PROVIDED MATERIAL:

-------------------------

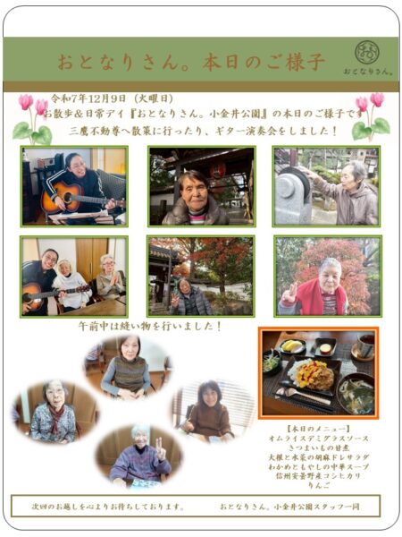 午後はギター演奏会、三鷹不動尊へ散策に行きました!
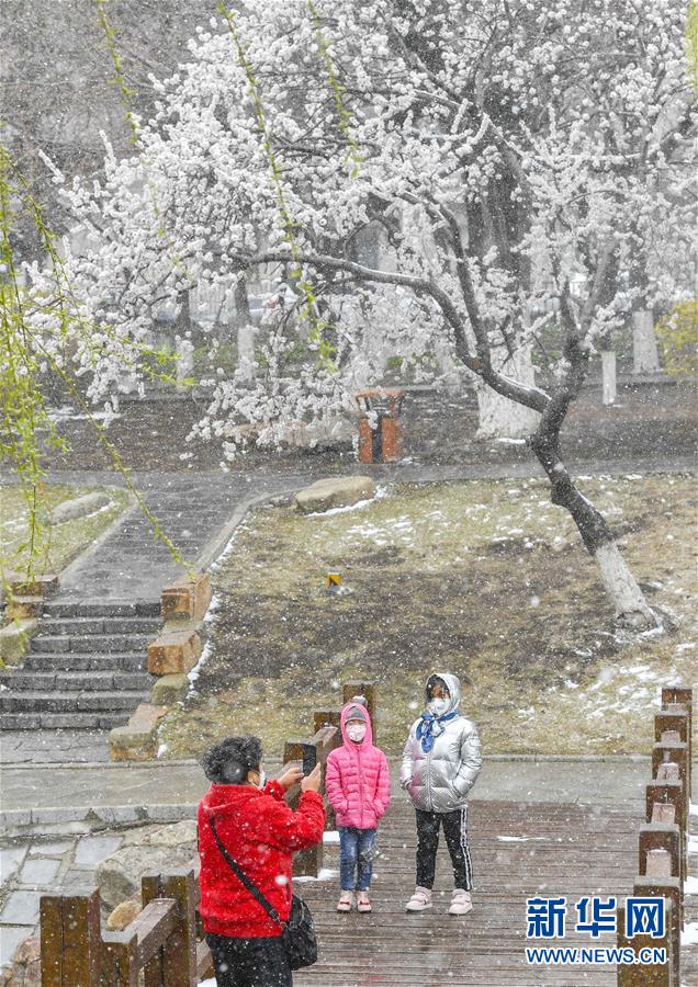 4月21日,在长春市杏花村公园,市民在雪中拍照留念。 当日,吉林省多地迎来降雪天气。 新华社记者 许畅 摄
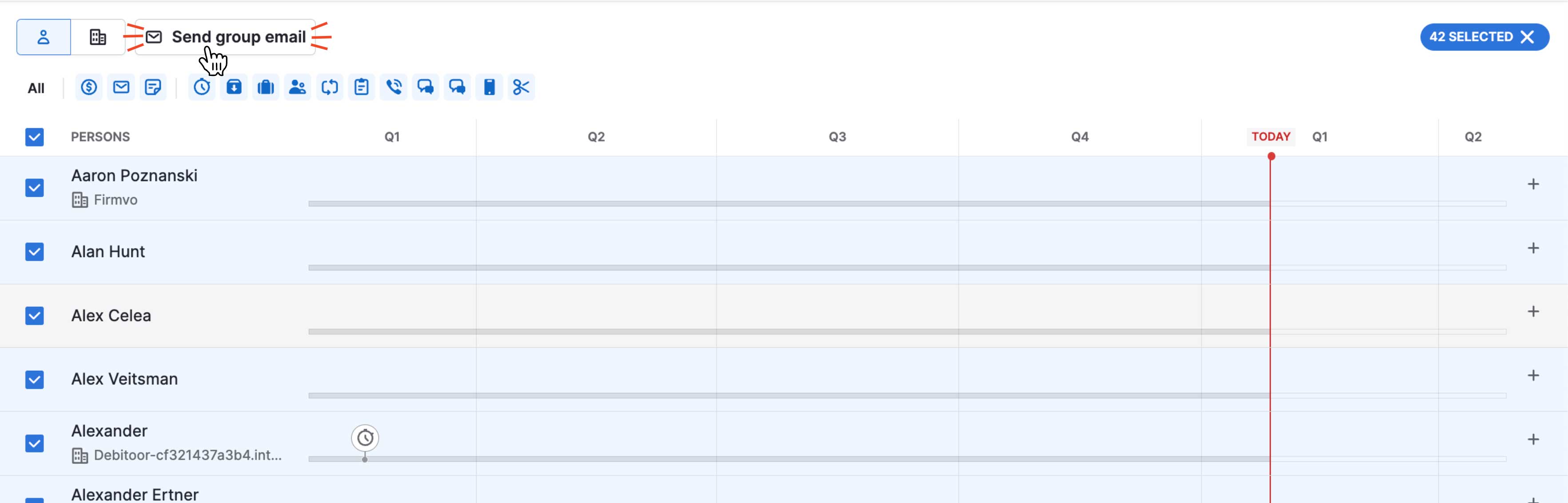 Launch a small email campaign using the “Send group email” feature and schedule appointments directly from the Timeline. Simply select the desired individuals (or select all) and click the Send group email button.
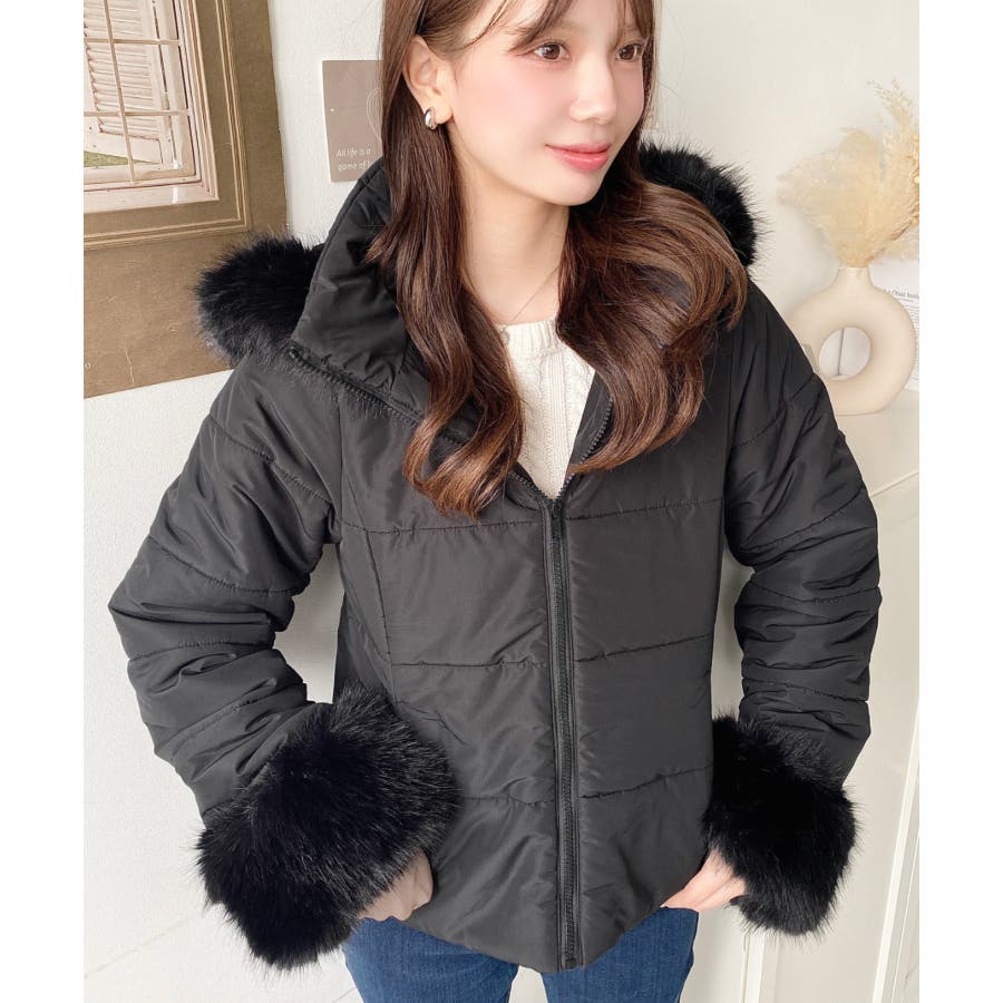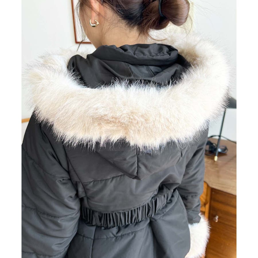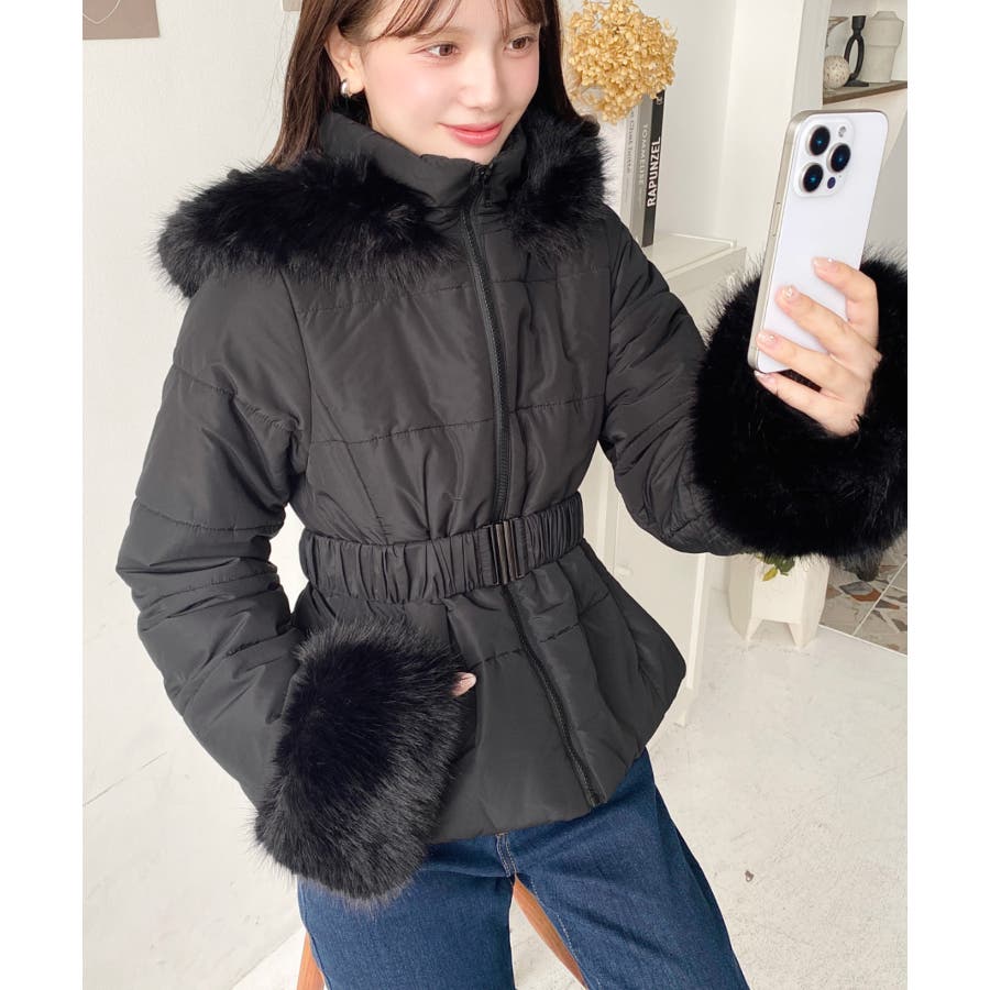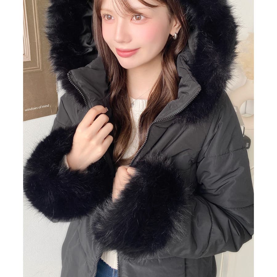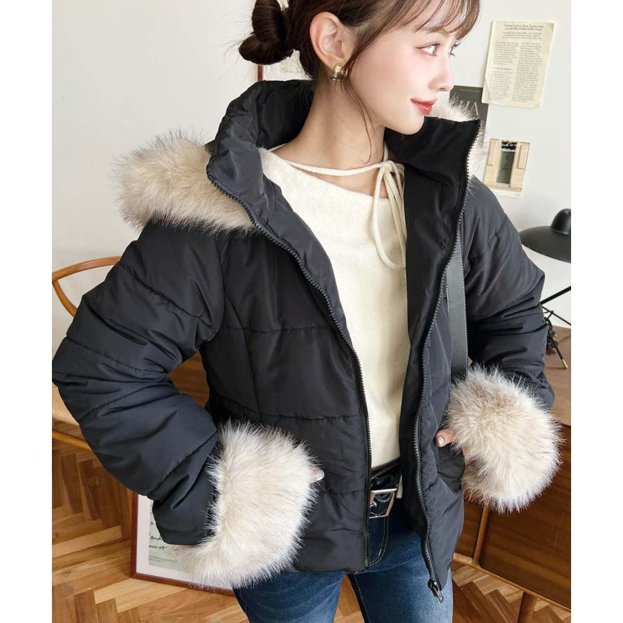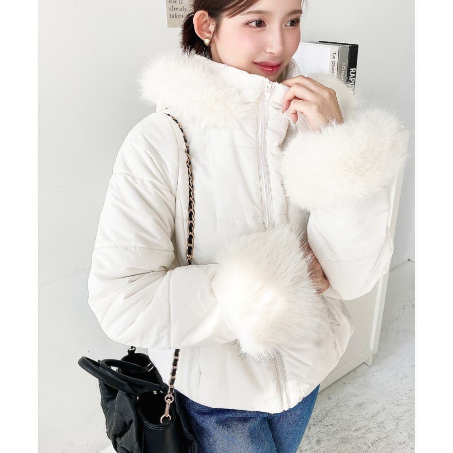 ・顔まわりのフードファーで華やかに、さらにボリュームが出ることで小顔見え効果もあり、コーデのアクセントになる冬には欠かせないダウンジャケットです♪

-------------------------

Pictures should not appear in the copy. Write out exactly the lines above from the first one through the line that contains "4月21日,在长春市杏花村公园,市民在雪中拍照留念。 当日,吉林省多地迎来降雪天气。 新华社记者".

 午後はギター演奏会、三鷹不動尊へ散策に行きました!
 4月21日,在长春市杏花村公园,市民在雪中拍照留念。 当日,吉林省多地迎来降雪天气。 新华社记者 许畅 摄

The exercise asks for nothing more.